EXTRACTED INFORMATION:
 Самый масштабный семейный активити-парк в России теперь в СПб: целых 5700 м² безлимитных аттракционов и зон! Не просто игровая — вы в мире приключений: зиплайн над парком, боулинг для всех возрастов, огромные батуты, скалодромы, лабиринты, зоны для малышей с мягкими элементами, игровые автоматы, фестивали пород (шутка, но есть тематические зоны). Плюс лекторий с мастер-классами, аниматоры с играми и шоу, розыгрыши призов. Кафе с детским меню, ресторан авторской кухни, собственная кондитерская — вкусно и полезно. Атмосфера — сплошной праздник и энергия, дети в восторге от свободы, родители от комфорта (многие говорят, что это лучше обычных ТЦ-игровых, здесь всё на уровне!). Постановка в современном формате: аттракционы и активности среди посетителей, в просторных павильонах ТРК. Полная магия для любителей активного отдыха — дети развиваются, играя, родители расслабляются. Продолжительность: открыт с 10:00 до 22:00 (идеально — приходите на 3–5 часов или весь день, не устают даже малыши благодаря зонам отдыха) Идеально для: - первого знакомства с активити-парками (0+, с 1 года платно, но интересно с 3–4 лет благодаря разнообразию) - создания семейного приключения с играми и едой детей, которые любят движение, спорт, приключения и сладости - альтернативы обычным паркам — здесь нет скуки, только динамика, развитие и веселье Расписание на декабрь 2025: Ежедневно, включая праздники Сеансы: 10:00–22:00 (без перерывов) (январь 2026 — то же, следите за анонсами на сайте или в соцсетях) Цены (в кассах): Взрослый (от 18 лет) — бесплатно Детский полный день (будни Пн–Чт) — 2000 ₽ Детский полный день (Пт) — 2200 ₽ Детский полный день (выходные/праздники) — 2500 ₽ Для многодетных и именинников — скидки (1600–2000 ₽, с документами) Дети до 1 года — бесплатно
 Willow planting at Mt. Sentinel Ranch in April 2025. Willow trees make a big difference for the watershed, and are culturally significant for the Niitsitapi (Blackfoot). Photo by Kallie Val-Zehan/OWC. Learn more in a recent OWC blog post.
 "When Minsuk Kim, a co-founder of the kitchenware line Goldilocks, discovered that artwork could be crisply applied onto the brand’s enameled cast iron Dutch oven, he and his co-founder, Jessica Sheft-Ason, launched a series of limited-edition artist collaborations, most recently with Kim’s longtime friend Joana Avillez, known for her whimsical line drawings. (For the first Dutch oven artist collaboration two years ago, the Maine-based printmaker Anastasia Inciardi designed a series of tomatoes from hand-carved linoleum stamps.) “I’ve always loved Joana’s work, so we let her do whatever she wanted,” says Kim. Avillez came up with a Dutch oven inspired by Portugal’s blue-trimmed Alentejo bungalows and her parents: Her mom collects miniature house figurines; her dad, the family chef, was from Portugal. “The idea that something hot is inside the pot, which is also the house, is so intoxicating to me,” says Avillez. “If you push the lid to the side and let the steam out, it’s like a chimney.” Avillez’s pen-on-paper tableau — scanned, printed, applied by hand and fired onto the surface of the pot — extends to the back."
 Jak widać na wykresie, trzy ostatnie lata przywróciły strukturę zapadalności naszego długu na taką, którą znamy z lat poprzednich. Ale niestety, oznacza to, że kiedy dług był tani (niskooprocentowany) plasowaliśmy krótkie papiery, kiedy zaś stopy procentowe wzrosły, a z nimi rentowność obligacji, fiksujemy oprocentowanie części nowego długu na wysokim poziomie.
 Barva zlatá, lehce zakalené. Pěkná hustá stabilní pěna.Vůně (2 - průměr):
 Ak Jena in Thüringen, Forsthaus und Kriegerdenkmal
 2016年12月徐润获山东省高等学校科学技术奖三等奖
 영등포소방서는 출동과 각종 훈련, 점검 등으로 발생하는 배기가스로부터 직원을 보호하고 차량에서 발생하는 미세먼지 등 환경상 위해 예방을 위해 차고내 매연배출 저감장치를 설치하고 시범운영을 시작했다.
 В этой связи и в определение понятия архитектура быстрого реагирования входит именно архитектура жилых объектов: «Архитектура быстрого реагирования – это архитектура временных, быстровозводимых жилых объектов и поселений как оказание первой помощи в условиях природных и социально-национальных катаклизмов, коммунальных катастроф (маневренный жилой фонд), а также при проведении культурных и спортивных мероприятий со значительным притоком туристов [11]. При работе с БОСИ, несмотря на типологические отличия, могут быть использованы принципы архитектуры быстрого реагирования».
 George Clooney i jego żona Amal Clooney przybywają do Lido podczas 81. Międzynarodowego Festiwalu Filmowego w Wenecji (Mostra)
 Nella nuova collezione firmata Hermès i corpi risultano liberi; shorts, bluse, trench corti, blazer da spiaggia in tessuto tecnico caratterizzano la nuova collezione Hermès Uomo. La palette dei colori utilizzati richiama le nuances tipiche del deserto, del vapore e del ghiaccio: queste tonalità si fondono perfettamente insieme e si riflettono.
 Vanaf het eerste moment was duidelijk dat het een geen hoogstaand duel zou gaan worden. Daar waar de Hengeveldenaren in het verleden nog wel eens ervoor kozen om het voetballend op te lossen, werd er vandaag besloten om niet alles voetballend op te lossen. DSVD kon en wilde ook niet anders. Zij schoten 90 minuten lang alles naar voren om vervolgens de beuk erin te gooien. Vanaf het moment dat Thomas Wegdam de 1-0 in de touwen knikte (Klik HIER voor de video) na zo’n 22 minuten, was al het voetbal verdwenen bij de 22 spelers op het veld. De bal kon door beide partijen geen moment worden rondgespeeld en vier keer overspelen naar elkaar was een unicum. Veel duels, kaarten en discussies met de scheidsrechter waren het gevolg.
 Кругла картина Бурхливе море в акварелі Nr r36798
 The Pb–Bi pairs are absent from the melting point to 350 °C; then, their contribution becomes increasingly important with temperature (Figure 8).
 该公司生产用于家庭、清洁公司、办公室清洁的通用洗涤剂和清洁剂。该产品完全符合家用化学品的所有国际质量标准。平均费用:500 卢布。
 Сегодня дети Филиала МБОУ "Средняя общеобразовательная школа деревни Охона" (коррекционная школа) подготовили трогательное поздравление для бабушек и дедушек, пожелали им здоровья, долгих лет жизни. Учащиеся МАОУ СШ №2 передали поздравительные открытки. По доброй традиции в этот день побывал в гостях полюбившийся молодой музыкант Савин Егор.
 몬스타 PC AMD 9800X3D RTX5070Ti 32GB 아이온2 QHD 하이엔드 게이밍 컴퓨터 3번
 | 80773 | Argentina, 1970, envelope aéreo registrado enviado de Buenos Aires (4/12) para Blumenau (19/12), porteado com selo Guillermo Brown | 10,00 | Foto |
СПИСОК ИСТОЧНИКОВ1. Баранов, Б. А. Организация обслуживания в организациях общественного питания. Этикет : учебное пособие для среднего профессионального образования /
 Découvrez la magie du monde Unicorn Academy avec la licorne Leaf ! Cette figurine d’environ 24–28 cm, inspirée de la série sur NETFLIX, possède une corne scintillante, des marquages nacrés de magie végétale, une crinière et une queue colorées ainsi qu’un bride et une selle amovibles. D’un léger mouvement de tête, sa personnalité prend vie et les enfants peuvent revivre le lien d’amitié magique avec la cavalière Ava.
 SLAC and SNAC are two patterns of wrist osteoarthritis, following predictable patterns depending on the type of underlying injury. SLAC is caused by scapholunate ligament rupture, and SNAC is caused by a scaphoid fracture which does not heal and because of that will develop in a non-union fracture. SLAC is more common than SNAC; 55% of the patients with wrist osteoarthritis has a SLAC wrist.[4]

WORK TASK: The entries above are to be output exactly as they appear.

WRITTEN RESPONSE:
 Самый масштабный семейный активити-парк в России теперь в СПб: целых 5700 м² безлимитных аттракционов и зон! Не просто игровая — вы в мире приключений: зиплайн над парком, боулинг для всех возрастов, огромные батуты, скалодромы, лабиринты, зоны для малышей с мягкими элементами, игровые автоматы, фестивали пород (шутка, но есть тематические зоны). Плюс лекторий с мастер-классами, аниматоры с играми и шоу, розыгрыши призов. Кафе с детским меню, ресторан авторской кухни, собственная кондитерская — вкусно и полезно. Атмосфера — сплошной праздник и энергия, дети в восторге от свободы, родители от комфорта (многие говорят, что это лучше обычных ТЦ-игровых, здесь всё на уровне!). Постановка в современном формате: аттракционы и активности среди посетителей, в просторных павильонах ТРК. Полная магия для любителей активного отдыха — дети развиваются, играя, родители расслабляются. Продолжительность: открыт с 10:00 до 22:00 (идеально — приходите на 3–5 часов или весь день, не устают даже малыши благодаря зонам отдыха) Идеально для: - первого знакомства с активити-парками (0+, с 1 года платно, но интересно с 3–4 лет благодаря разнообразию) - создания семейного приключения с играми и едой детей, которые любят движение, спорт, приключения и сладости - альтернативы обычным паркам — здесь нет скуки, только динамика, развитие и веселье Расписание на декабрь 2025: Ежедневно, включая праздники Сеансы: 10:00–22:00 (без перерывов) (январь 2026 — то же, следите за анонсами на сайте или в соцсетях) Цены (в кассах): Взрослый (от 18 лет) — бесплатно Детский полный день (будни Пн–Чт) — 2000 ₽ Детский полный день (Пт) — 2200 ₽ Детский полный день (выходные/праздники) — 2500 ₽ Для многодетных и именинников — скидки (1600–2000 ₽, с документами) Дети до 1 года — бесплатно
 Willow planting at Mt. Sentinel Ranch in April 2025. Willow trees make a big difference for the watershed, and are culturally significant for the Niitsitapi (Blackfoot). Photo by Kallie Val-Zehan/OWC. Learn more in a recent OWC blog post.
 "When Minsuk Kim, a co-founder of the kitchenware line Goldilocks, discovered that artwork could be crisply applied onto the brand’s enameled cast iron Dutch oven, he and his co-founder, Jessica Sheft-Ason, launched a series of limited-edition artist collaborations, most recently with Kim’s longtime friend Joana Avillez, known for her whimsical line drawings. (For the first Dutch oven artist collaboration two years ago, the Maine-based printmaker Anastasia Inciardi designed a series of tomatoes from hand-carved linoleum stamps.) “I’ve always loved Joana’s work, so we let her do whatever she wanted,” says Kim. Avillez came up with a Dutch oven inspired by Portugal’s blue-trimmed Alentejo bungalows and her parents: Her mom collects miniature house figurines; her dad, the family chef, was from Portugal. “The idea that something hot is inside the pot, which is also the house, is so intoxicating to me,” says Avillez. “If you push the lid to the side and let the steam out, it’s like a chimney.” Avillez’s pen-on-paper tableau — scanned, printed, applied by hand and fired onto the surface of the pot — extends to the back."
 Jak widać na wykresie, trzy ostatnie lata przywróciły strukturę zapadalności naszego długu na taką, którą znamy z lat poprzednich. Ale niestety, oznacza to, że kiedy dług był tani (niskooprocentowany) plasowaliśmy krótkie papiery, kiedy zaś stopy procentowe wzrosły, a z nimi rentowność obligacji, fiksujemy oprocentowanie części nowego długu na wysokim poziomie.
 Barva zlatá, lehce zakalené. Pěkná hustá stabilní pěna.Vůně (2 - průměr):
 Ak Jena in Thüringen, Forsthaus und Kriegerdenkmal
 2016年12月徐润获山东省高等学校科学技术奖三等奖
 영등포소방서는 출동과 각종 훈련, 점검 등으로 발생하는 배기가스로부터 직원을 보호하고 차량에서 발생하는 미세먼지 등 환경상 위해 예방을 위해 차고내 매연배출 저감장치를 설치하고 시범운영을 시작했다.
 В этой связи и в определение понятия архитектура быстрого реагирования входит именно архитектура жилых объектов: «Архитектура быстрого реагирования – это архитектура временных, быстровозводимых жилых объектов и поселений как оказание первой помощи в условиях природных и социально-национальных катаклизмов, коммунальных катастроф (маневренный жилой фонд), а также при проведении культурных и спортивных мероприятий со значительным притоком туристов [11]. При работе с БОСИ, несмотря на типологические отличия, могут быть использованы принципы архитектуры быстрого реагирования».
 George Clooney i jego żona Amal Clooney przybywają do Lido podczas 81. Międzynarodowego Festiwalu Filmowego w Wenecji (Mostra)
 Nella nuova collezione firmata Hermès i corpi risultano liberi; shorts, bluse, trench corti, blazer da spiaggia in tessuto tecnico caratterizzano la nuova collezione Hermès Uomo. La palette dei colori utilizzati richiama le nuances tipiche del deserto, del vapore e del ghiaccio: queste tonalità si fondono perfettamente insieme e si riflettono.
 Vanaf het eerste moment was duidelijk dat het een geen hoogstaand duel zou gaan worden. Daar waar de Hengeveldenaren in het verleden nog wel eens ervoor kozen om het voetballend op te lossen, werd er vandaag besloten om niet alles voetballend op te lossen. DSVD kon en wilde ook niet anders. Zij schoten 90 minuten lang alles naar voren om vervolgens de beuk erin te gooien. Vanaf het moment dat Thomas Wegdam de 1-0 in de touwen knikte (Klik HIER voor de video) na zo’n 22 minuten, was al het voetbal verdwenen bij de 22 spelers op het veld. De bal kon door beide partijen geen moment worden rondgespeeld en vier keer overspelen naar elkaar was een unicum. Veel duels, kaarten en discussies met de scheidsrechter waren het gevolg.
 Кругла картина Бурхливе море в акварелі Nr r36798
 The Pb–Bi pairs are absent from the melting point to 350 °C; then, their contribution becomes increasingly important with temperature (Figure 8).
 该公司生产用于家庭、清洁公司、办公室清洁的通用洗涤剂和清洁剂。该产品完全符合家用化学品的所有国际质量标准。平均费用:500 卢布。
 Сегодня дети Филиала МБОУ "Средняя общеобразовательная школа деревни Охона" (коррекционная школа) подготовили трогательное поздравление для бабушек и дедушек, пожелали им здоровья, долгих лет жизни. Учащиеся МАОУ СШ №2 передали поздравительные открытки. По доброй традиции в этот день побывал в гостях полюбившийся молодой музыкант Савин Егор.
 몬스타 PC AMD 9800X3D RTX5070Ti 32GB 아이온2 QHD 하이엔드 게이밍 컴퓨터 3번
 | 80773 | Argentina, 1970, envelope aéreo registrado enviado de Buenos Aires (4/12) para Blumenau (19/12), porteado com selo Guillermo Brown | 10,00 | Foto |
СПИСОК ИСТОЧНИКОВ1. Баранов, Б. А. Организация обслуживания в организациях общественного питания. Этикет : учебное пособие для среднего профессионального образования /
 Découvrez la magie du monde Unicorn Academy avec la licorne Leaf ! Cette figurine d’environ 24–28 cm, inspirée de la série sur NETFLIX, possède une corne scintillante, des marquages nacrés de magie végétale, une crinière et une queue colorées ainsi qu’un bride et une selle amovibles. D’un léger mouvement de tête, sa personnalité prend vie et les enfants peuvent revivre le lien d’amitié magique avec la cavalière Ava.
 SLAC and SNAC are two patterns of wrist osteoarthritis, following predictable patterns depending on the type of underlying injury. SLAC is caused by scapholunate ligament rupture, and SNAC is caused by a scaphoid fracture which does not heal and because of that will develop in a non-union fracture. SLAC is more common than SNAC; 55% of the patients with wrist osteoarthritis has a SLAC wrist.[4]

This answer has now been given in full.